#### Information shown

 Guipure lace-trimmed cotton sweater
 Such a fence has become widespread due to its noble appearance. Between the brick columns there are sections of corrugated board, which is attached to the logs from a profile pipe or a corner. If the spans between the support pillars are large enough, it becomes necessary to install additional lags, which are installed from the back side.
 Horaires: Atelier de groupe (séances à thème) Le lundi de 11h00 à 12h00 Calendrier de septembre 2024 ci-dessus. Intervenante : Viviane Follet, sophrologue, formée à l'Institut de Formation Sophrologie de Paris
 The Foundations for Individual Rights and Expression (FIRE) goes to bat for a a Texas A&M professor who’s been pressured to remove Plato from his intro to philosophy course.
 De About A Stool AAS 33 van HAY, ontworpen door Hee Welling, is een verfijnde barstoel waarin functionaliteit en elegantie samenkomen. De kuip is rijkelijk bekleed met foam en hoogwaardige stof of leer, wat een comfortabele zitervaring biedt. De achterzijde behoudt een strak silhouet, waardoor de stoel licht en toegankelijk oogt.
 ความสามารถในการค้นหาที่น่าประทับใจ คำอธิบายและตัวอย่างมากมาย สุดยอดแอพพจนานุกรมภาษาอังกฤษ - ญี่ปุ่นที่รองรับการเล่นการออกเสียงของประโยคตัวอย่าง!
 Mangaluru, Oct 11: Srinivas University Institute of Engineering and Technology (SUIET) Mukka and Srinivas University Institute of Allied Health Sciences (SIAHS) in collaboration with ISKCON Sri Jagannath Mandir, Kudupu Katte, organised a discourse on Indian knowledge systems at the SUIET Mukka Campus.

* * *

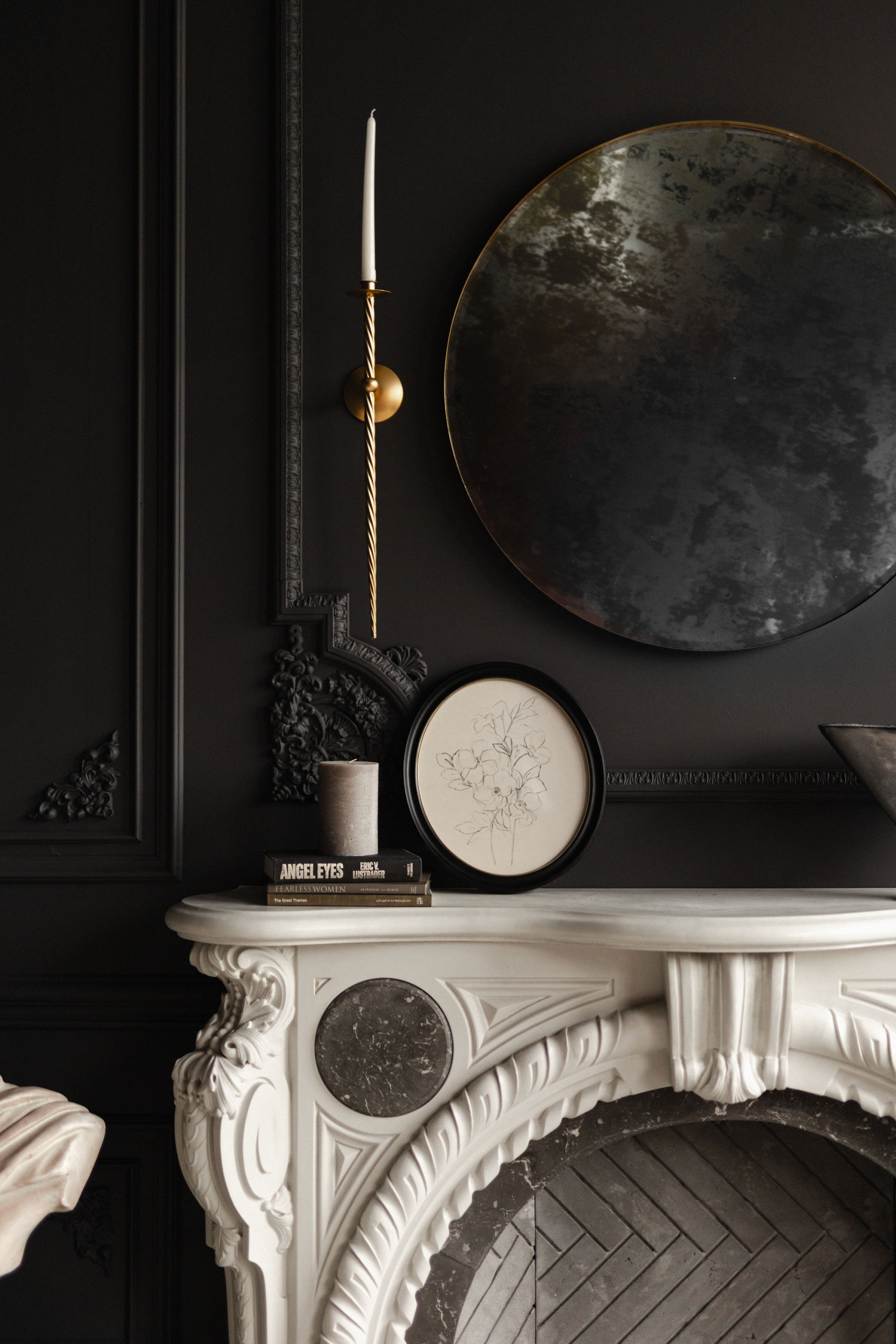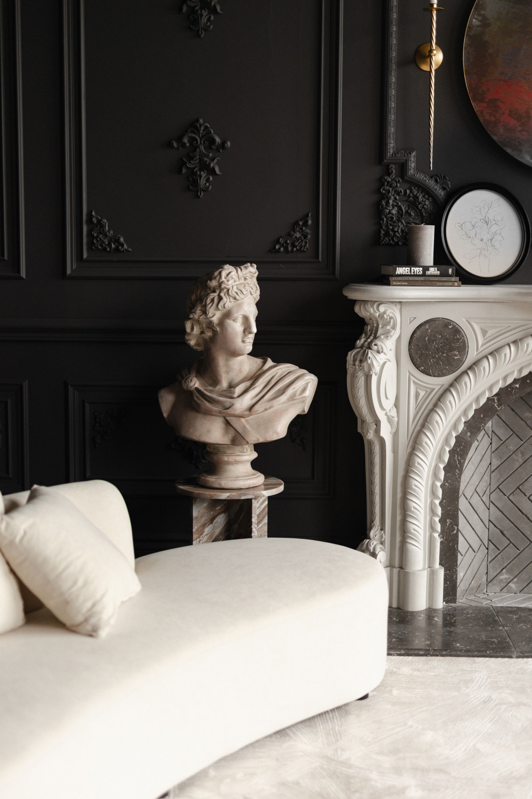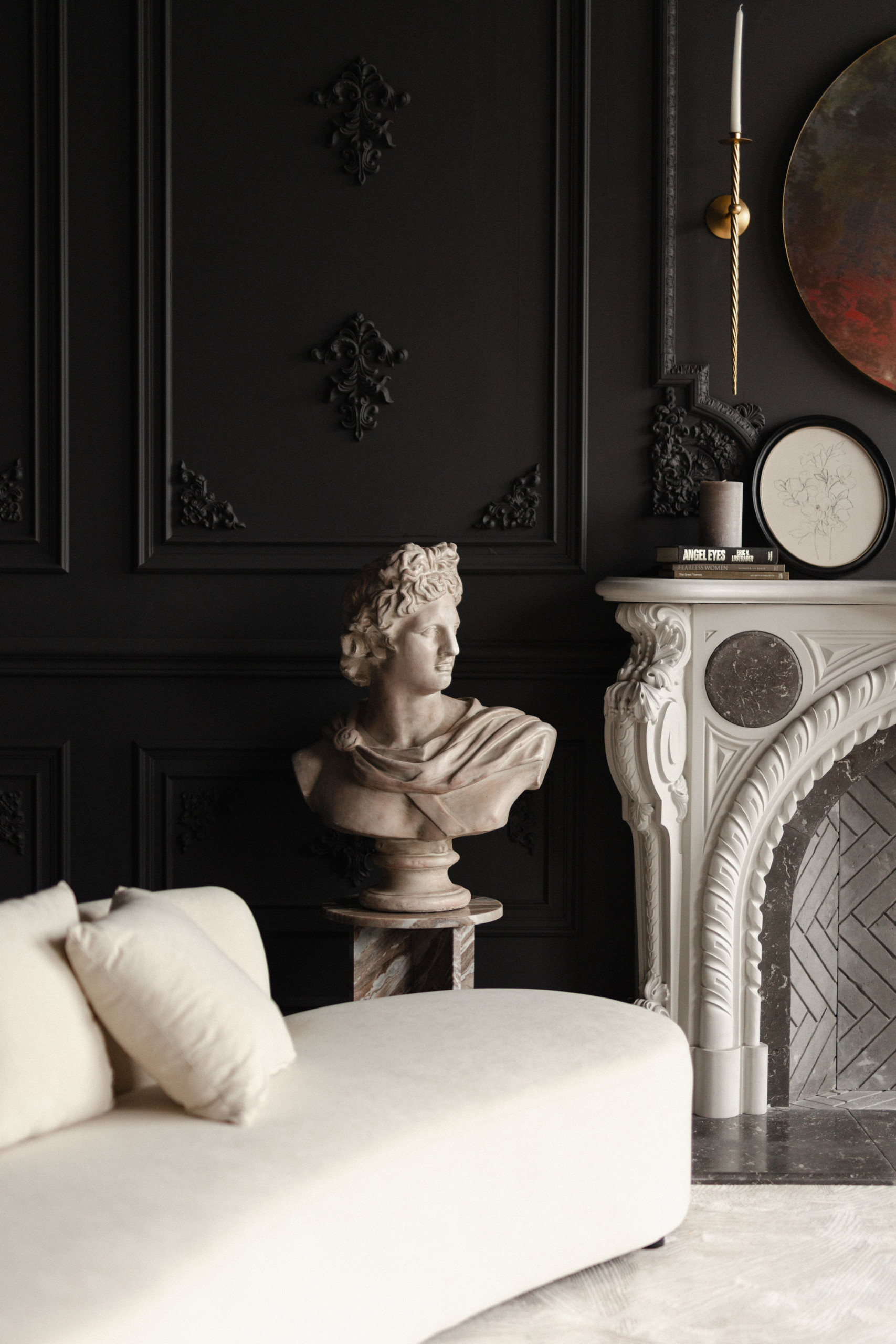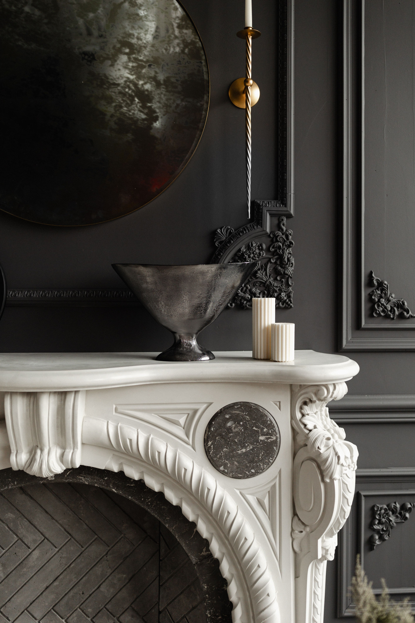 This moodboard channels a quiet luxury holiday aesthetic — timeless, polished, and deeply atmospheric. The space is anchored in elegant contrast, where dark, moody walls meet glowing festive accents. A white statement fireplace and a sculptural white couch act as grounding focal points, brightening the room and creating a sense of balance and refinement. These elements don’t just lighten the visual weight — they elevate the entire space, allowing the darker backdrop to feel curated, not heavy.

...

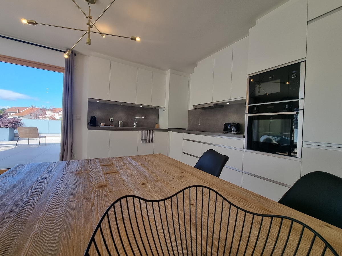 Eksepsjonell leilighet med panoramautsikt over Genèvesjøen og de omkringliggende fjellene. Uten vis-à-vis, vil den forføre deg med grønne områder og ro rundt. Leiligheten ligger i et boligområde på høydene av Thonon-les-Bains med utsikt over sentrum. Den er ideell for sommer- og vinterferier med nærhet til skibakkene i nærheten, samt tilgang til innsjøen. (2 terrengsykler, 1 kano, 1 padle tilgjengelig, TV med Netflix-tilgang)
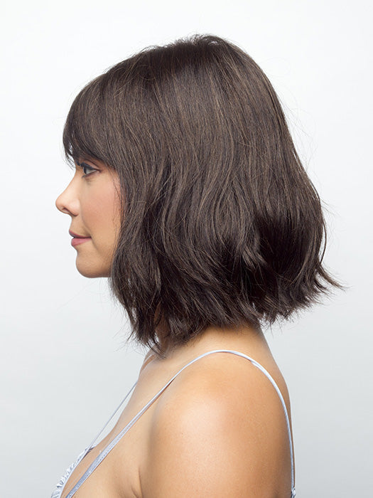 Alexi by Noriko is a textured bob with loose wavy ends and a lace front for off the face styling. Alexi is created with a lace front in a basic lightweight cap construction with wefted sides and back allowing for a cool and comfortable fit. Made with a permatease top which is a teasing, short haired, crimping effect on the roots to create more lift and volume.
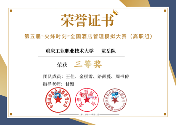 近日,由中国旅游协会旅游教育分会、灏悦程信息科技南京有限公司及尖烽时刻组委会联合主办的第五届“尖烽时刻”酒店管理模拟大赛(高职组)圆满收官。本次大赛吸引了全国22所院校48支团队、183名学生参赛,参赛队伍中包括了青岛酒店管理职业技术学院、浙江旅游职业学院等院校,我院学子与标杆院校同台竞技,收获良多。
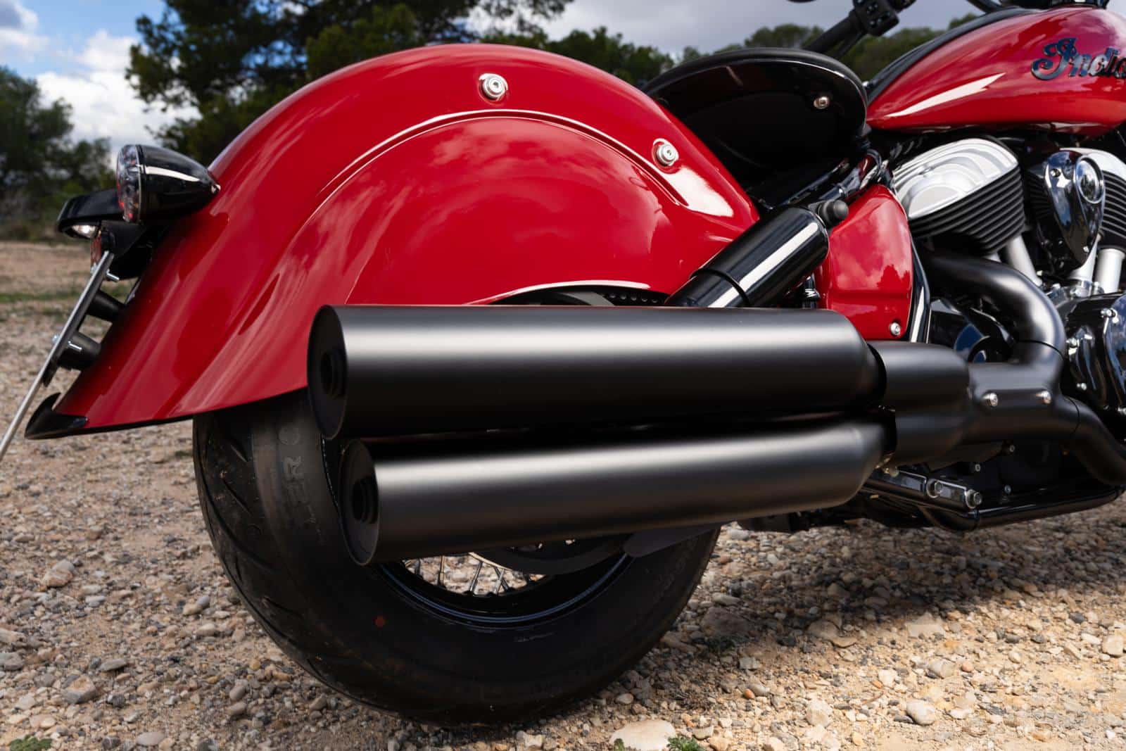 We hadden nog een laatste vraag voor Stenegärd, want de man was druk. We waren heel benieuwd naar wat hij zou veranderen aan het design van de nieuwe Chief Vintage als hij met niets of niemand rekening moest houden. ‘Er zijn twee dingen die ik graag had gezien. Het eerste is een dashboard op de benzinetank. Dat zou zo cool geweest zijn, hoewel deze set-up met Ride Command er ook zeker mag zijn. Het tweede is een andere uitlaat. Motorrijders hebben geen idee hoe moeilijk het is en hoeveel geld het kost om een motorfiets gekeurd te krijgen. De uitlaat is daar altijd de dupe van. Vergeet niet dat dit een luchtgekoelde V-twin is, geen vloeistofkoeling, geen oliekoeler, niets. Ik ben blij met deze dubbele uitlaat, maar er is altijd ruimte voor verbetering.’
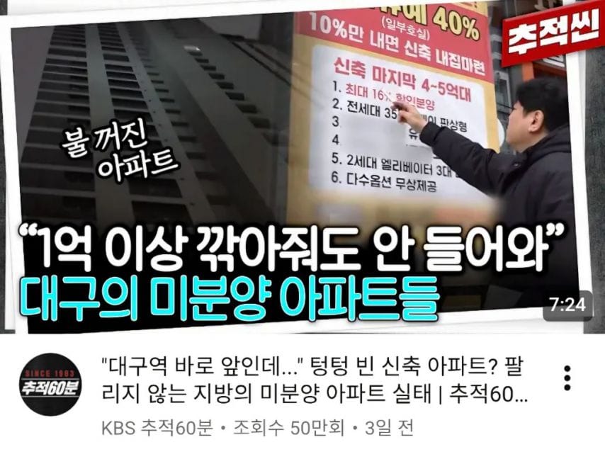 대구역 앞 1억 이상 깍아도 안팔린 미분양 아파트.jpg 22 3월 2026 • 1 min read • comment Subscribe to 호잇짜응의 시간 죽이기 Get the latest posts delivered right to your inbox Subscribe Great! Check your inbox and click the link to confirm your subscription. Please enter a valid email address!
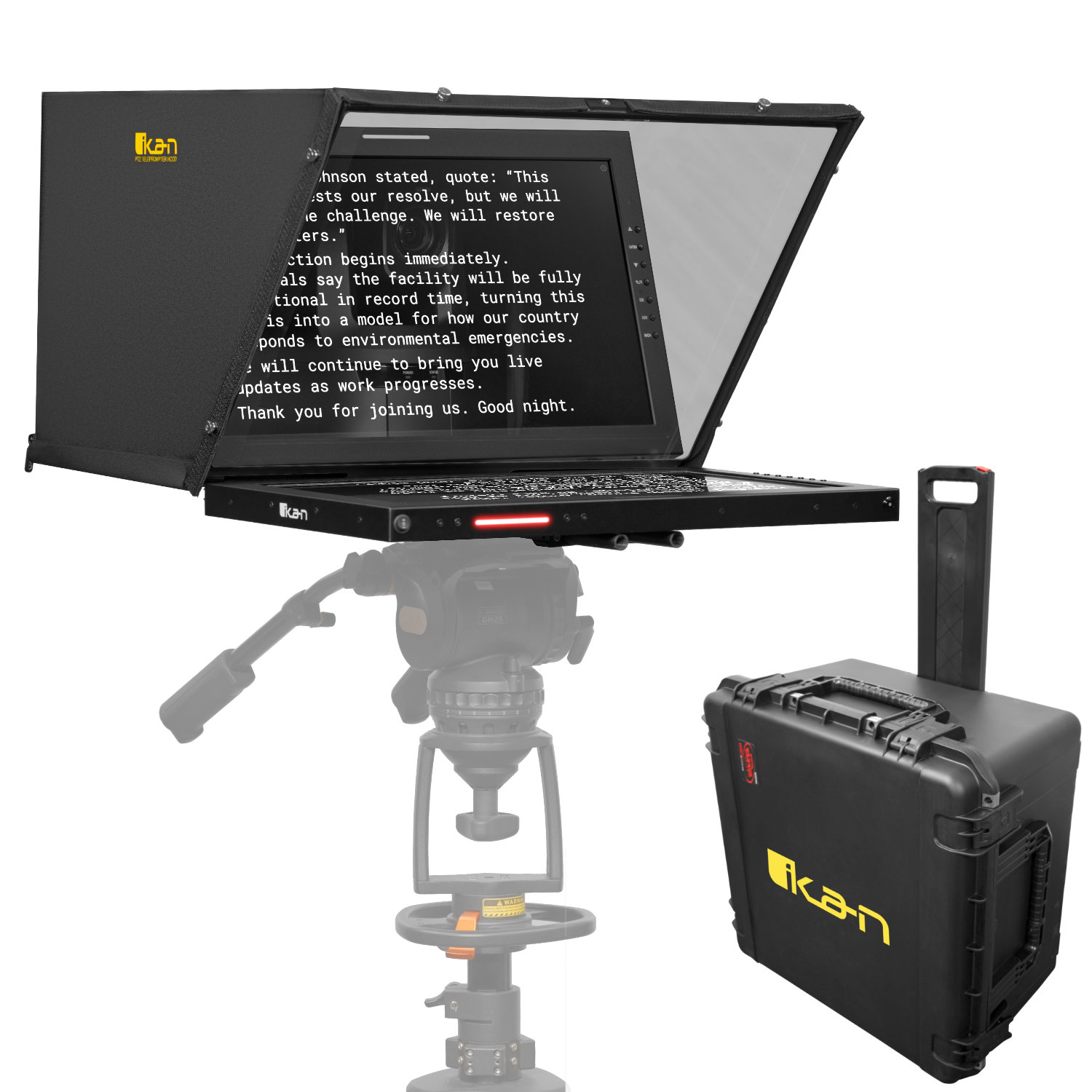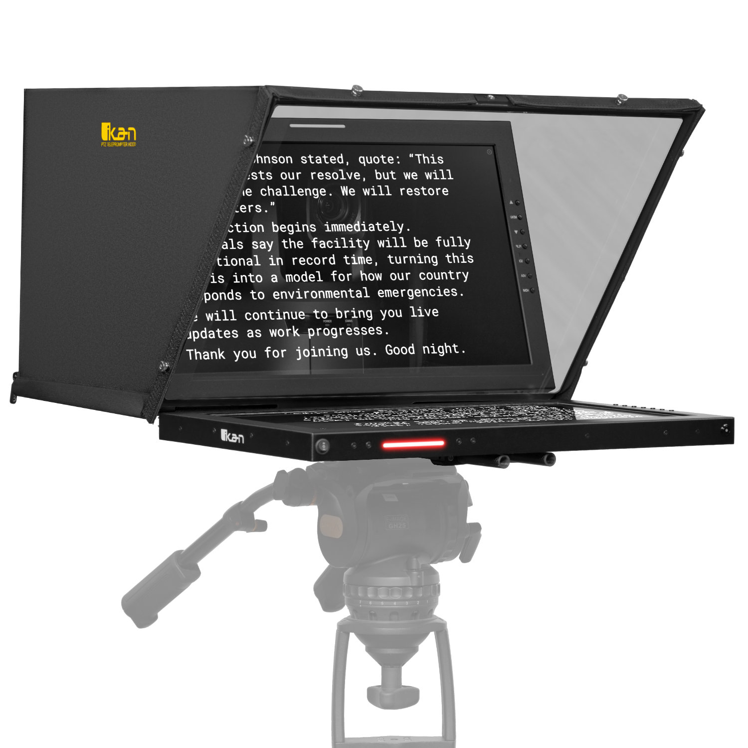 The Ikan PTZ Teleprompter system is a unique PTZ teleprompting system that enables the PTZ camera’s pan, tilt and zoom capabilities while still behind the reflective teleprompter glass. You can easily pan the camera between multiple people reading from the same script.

#### Problem to work on
Copy back the listing above exactly, but only from the line with "Guipure lace-trimmed cotton sweater" through the line with "The Foundations for", both ends included.

#### Answer to the problem
 Guipure lace-trimmed cotton sweater
 Such a fence has become widespread due to its noble appearance. Between the brick columns there are sections of corrugated board, which is attached to the logs from a profile pipe or a corner. If the spans between the support pillars are large enough, it becomes necessary to install additional lags, which are installed from the back side.
 Horaires: Atelier de groupe (séances à thème) Le lundi de 11h00 à 12h00 Calendrier de septembre 2024 ci-dessus. Intervenante : Viviane Follet, sophrologue, formée à l'Institut de Formation Sophrologie de Paris
 The Foundations for Individual Rights and Expression (FIRE) goes to bat for a a Texas A&M professor who’s been pressured to remove Plato from his intro to philosophy course.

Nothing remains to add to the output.